Casualties and losses
- 4 killed 7 wounded^{[citation needed]}: 60 killed and wounded 4 captured

= Battle of Matamondo =

The Battle of Matamondo was fought during the East African Campaign of World War I.

==The battle==
In August 1916, the British launched an offensive to take full control of the Central Railway in German East Africa. General Van Deventer had already occupied the Central Railway from Kilimatinde to Dodoma and Belgian troops advanced on Tabora.

But for a distance of about 45 miles, the Central Railway passes close under the Nguru and Kanga mountains.
Here the Germans had positioned 12 companies or some 3,000 men with much heavy and light artillery in the mountains.
General Smuts sent 4 brigades to the Nguru Mountains to surround and defeat this German force.
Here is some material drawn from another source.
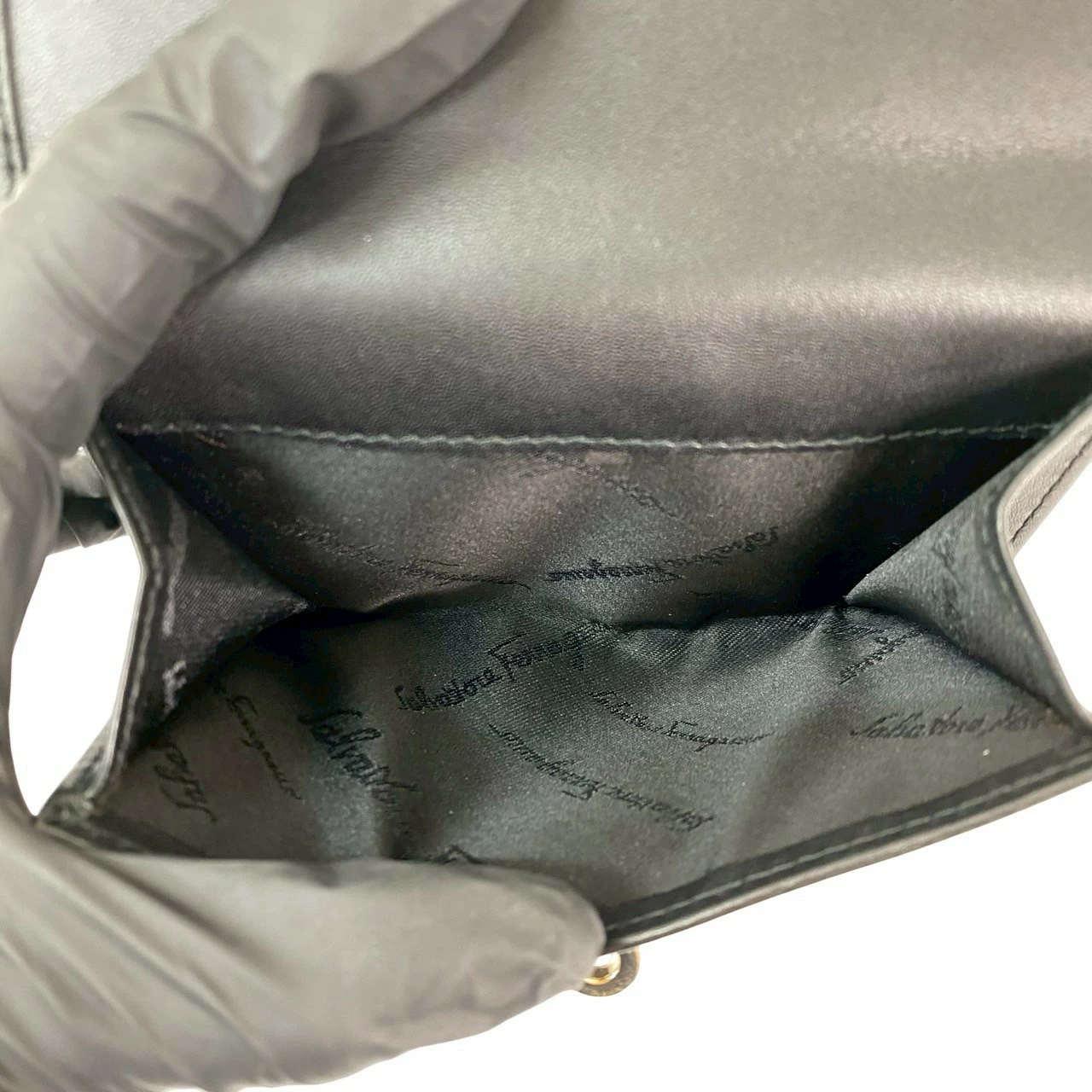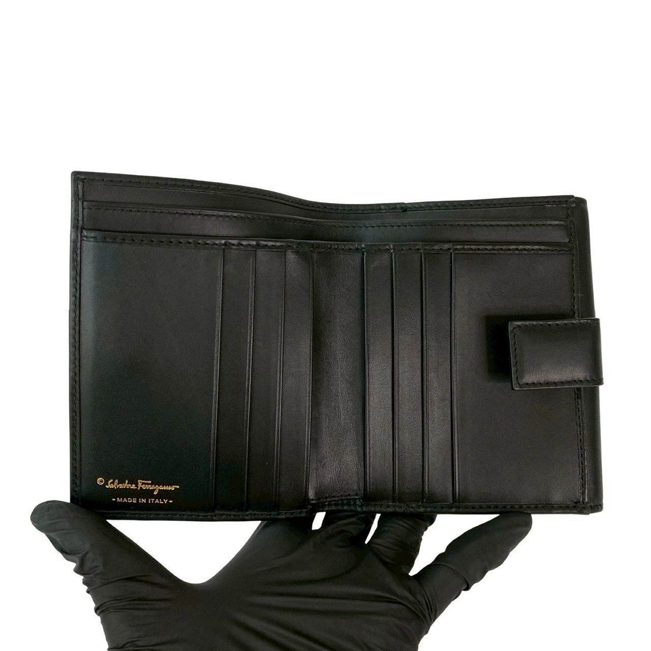 Earn double points! Excellent condition, box included. Salvatore Ferragamo Gancini logo hardware leather bi-fold mini wallet in black (28141). Pre-owned.

On 10 August, the British advance guard, the 57th Wilde's Rifles, encountered a fortified German position at the Matamondo pass. The Wild's Rifles were joined by the King's African Rifles and the 5th and 6th South African Infantry battalions. There was fierce fighting all day long, but by nightfall the German defense had not yet been breached.

The next morning, the Germans were gone. The day's gain had allowed the main force to escape the planned encirclement.